» Study material:
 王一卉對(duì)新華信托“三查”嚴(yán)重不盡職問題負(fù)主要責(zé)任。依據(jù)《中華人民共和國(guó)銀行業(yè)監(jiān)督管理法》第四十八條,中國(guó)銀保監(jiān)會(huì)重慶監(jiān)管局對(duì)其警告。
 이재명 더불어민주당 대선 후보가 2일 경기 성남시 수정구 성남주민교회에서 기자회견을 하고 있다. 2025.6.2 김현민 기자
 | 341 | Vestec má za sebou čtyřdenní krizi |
* * *
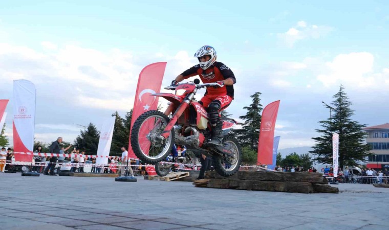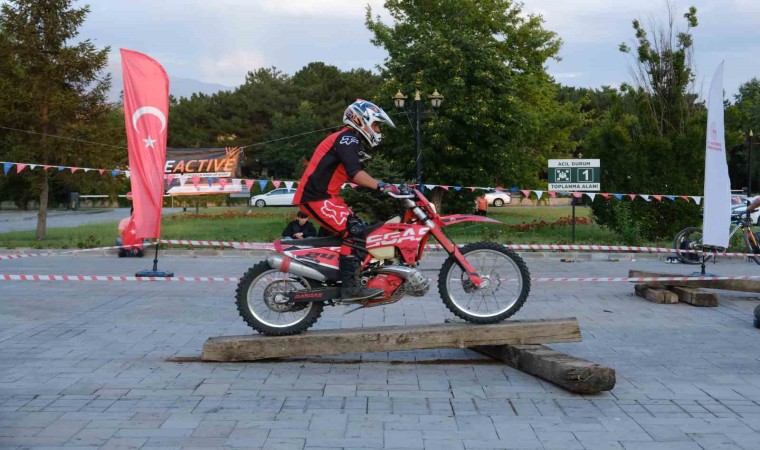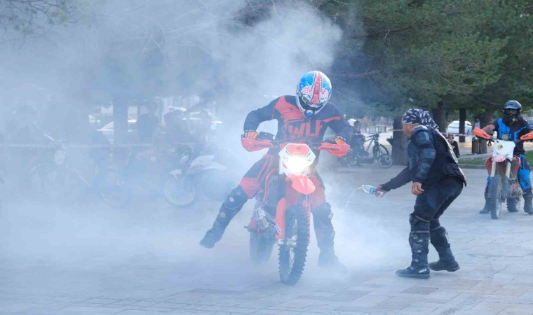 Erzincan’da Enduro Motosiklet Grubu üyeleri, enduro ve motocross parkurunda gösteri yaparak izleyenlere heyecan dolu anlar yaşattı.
--
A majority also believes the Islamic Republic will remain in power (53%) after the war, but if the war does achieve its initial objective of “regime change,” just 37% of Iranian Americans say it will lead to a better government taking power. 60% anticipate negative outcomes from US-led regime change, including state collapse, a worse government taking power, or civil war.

» About this task: Using the entries above, return exactly the lines from the line with "이재명 더불어민주당 대선" to the line with "čtyřdenní krizi |", counting both of those lines.

» Task solution:
 이재명 더불어민주당 대선 후보가 2일 경기 성남시 수정구 성남주민교회에서 기자회견을 하고 있다. 2025.6.2 김현민 기자
 | 341 | Vestec má za sebou čtyřdenní krizi |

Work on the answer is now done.